The fullerene derivative of the present invention is dissolved in an organic solvent, and a thin film is formed on, for example, a p-type doped substrate by a known thin film forming method such as a spin coating method, a casting method, a dipping method, an ink jet method, or a screen printing method. Thus, an n-type semiconductor thin film containing the fullerene derivative of the present invention is obtained.
As the organic solvent, for example, chloroform, dichloromethane, carbon disulfide, toluene, xylene, dichlorobenzene, and trichlorobenzene can be used. The said solvent may be used individually by 1 type, and may be used in combination of 2 or more type.

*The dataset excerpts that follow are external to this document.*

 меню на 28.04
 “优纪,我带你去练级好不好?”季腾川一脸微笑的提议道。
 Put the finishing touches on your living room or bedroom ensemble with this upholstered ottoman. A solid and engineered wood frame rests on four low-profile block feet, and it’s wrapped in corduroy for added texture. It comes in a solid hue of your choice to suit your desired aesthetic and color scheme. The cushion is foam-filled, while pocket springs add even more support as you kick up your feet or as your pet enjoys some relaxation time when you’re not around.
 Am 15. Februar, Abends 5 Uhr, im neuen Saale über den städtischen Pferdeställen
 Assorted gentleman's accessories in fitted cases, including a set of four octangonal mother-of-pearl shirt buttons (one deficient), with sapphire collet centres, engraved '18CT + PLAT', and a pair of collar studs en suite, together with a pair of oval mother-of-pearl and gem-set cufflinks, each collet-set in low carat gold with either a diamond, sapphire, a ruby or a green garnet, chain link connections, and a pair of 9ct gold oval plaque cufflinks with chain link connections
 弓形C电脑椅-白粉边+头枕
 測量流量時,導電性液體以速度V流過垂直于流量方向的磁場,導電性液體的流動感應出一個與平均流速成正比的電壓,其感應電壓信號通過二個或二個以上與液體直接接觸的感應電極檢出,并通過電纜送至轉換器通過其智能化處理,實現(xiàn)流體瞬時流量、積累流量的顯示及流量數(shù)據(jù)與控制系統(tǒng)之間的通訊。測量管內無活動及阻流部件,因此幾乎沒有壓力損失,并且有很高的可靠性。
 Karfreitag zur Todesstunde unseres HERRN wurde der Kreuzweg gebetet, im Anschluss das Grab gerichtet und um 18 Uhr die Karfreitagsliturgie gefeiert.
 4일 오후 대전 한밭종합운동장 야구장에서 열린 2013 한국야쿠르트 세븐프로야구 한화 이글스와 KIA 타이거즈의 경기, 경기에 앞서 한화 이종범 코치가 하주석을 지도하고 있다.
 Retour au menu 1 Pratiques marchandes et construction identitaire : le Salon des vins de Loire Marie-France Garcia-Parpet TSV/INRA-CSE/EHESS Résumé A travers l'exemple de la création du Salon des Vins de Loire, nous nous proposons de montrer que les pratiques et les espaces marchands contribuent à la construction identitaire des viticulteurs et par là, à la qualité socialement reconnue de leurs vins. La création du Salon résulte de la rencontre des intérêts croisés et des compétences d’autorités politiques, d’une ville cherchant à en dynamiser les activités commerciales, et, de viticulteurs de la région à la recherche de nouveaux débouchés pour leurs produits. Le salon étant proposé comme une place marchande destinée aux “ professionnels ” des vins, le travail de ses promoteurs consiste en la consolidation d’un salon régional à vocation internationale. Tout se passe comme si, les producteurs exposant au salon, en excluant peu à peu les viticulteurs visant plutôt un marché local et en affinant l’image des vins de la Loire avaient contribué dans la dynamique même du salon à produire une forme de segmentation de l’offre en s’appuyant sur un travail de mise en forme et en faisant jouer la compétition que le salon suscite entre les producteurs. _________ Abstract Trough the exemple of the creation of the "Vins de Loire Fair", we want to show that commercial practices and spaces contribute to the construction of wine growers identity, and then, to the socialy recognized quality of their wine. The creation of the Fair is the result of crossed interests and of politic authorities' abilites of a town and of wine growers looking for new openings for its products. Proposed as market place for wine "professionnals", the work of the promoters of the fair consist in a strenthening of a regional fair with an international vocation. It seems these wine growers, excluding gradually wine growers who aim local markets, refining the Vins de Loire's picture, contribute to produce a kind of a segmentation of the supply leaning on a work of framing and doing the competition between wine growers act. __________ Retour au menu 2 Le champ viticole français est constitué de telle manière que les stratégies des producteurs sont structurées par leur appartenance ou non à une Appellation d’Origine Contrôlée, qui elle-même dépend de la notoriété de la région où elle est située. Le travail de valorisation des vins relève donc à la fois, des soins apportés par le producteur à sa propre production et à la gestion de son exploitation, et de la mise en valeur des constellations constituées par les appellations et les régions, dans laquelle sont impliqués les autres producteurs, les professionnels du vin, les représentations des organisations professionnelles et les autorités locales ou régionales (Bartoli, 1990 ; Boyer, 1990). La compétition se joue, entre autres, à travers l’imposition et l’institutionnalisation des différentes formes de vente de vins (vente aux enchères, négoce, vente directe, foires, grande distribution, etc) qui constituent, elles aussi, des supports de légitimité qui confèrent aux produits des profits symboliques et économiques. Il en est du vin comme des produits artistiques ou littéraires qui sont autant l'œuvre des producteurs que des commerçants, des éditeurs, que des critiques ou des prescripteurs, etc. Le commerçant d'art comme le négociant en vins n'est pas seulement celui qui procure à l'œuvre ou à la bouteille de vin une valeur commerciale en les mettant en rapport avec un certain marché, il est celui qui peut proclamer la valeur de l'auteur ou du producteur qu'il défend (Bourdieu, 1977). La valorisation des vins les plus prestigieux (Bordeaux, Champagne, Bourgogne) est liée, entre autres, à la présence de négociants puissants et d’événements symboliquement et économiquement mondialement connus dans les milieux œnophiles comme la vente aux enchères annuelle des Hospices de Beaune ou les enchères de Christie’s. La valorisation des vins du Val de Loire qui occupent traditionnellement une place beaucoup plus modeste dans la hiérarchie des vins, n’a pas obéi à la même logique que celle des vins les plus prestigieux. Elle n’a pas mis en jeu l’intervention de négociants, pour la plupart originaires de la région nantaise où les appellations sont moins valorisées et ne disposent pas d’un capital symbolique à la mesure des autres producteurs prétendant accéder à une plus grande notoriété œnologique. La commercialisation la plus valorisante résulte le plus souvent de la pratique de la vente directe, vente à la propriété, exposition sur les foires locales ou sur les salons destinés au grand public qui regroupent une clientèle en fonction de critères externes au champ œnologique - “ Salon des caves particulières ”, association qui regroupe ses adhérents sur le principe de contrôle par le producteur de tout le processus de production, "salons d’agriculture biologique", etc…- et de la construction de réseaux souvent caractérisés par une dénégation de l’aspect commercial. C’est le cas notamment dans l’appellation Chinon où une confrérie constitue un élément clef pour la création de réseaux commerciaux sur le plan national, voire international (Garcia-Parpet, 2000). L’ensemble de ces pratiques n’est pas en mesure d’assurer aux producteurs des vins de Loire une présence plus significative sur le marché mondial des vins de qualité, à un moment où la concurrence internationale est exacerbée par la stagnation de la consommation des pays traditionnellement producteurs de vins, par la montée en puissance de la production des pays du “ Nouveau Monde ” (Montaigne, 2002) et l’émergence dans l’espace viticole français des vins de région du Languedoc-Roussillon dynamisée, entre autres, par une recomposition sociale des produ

According to this method, a large-area n-type semiconductor thin film can be obtained at low cost. In addition, the fullerene derivative of the present invention has excellent self-organization and high affinity with a p-type semiconductor (organic p-type conductive material: P3HT (poly-3-hexylthiophene) or the like).

<Application>
The fullerene derivative of the present invention can be used as a charge transfer material or an n-type semiconductor material. The n-type semiconductor thin film obtained from the fullerene derivative of the present invention can be applied to optical and electronic device applications. Specifically, it effectively functions as a field effect capacitor such as an organic thin film transistor (TFT), a photoelectric conversion element such as an organic thin film solar cell, and a light emitting element such as an EL element.

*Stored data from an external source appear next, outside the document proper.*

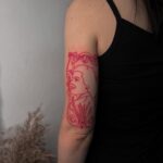 Tetování portrét ženy a ornamenty na paži
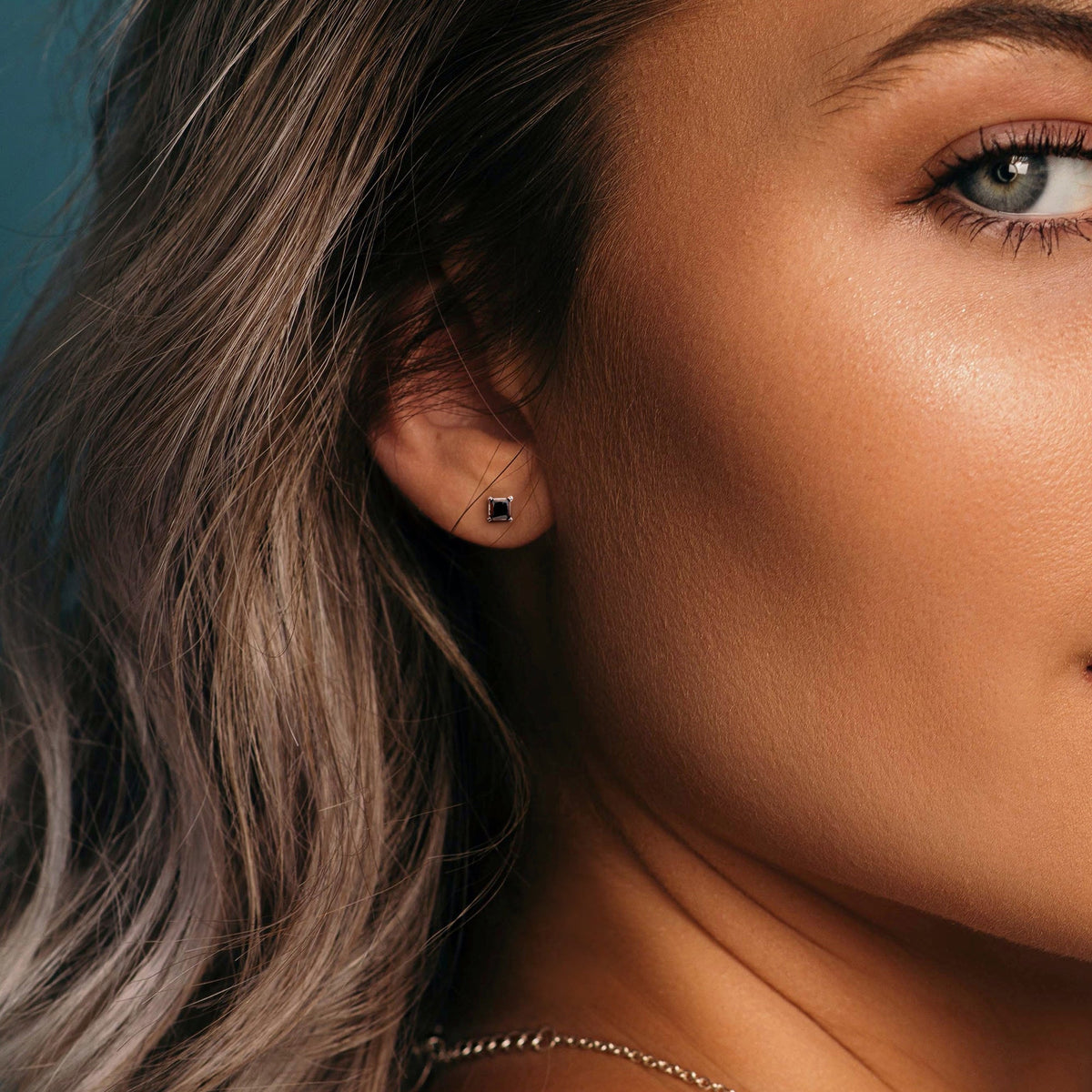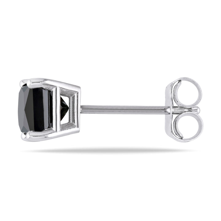 Crafted in 10k white gold with two princess-cut black diamonds totaling 1 carat. Easy-locking friction butterfly backs.
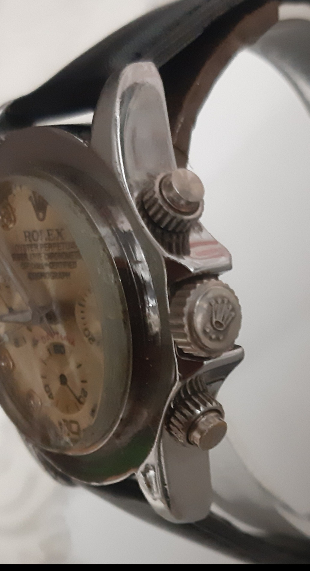 صفحه مدل خاص موتور ژاپنی با کیفیت،لب پریدگی کوچیک شیشه دارد شیشه ضخیم و بادوام ضد خش و قوس دار، نمونه با کیفیت رولکسهای جدید کوارتز،پمپها و عقربه ها کوچیک مدل هست و غیرفعال هست، بند نو با کیفیت ، کارکردخوب و دقیق

Such a field effect capacitor (eg, organic thin film transistor (TFT)), photoelectric conversion element (eg, organic thin film solar cell), and light emitting element (containing an n-type semiconductor thin film obtained from the fullerene derivative of the present invention) A semiconductor element such as an EL element may be manufactured by a method commonly used in the technical field to which the element belongs.

  FULLERENE DERIVATIVE, CHARGE TRANSFER MATERIAL CONTAINING THE SAME, N-TYPE SEMICONDUCTOR MATERIAL CONTAINING THE SAME, AND N-TYPE SEMICONDUCTOR THIN FILM CONTAINING THE SAME, Field Effect Capacitor such as Organic Thin Film Transistor (TFT), Organic Thin Film Solar Cell It can use for semiconductor elements, such as photoelectric conversion elements.

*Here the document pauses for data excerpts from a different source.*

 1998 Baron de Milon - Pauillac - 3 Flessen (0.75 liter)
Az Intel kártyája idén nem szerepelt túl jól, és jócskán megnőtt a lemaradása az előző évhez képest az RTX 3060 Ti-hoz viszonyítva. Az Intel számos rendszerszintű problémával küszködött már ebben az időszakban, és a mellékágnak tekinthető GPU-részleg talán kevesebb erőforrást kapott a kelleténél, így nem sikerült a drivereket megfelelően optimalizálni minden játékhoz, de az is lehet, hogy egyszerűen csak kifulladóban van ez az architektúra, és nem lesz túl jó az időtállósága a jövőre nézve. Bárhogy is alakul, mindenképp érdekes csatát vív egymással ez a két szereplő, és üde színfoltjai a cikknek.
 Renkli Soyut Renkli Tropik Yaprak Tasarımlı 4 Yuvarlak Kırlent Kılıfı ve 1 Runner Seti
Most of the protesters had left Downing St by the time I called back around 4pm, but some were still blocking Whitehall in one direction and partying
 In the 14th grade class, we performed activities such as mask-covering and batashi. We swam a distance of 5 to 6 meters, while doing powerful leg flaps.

Hereinafter, the present invention will be described in more detail with reference to examples and the like, but the present invention is not limited thereto.
Purification by HPLC (GPC) was performed using the following apparatus and column.
Apparatus: JASCO LC-9201S
Column: JAIGEL H series (2H-1H is used in two-linkage)
The NMR spectrum shows proton NMR, and was measured with an apparatus: JNM-LA400 (JEOL) using tetramethylsilane as an internal standard. The δ value is expressed in ppm.
Abbreviations used in the following examples and the like have the following significance.
s: singlet br: wide d: doublet t: triplet m: multiplet J: coupling constant Hz: hertz

４−ヨードベンズアルデヒド（4-iodobenzaldehyde）（１ｇ、４．３１ｍｍｏｌ）、ヨウ化ヘプタデカフルオロオクチル（heptadecafluorooctyl iodide）（２．８２ｇ、５．１７ｍｍｏｌ）、銅粉（９０４ｍｇ、１４．２３ｍｍｏｌ）をジメチルスルホキシド１５ｍＬ中、１１０℃で１５時間攪拌した。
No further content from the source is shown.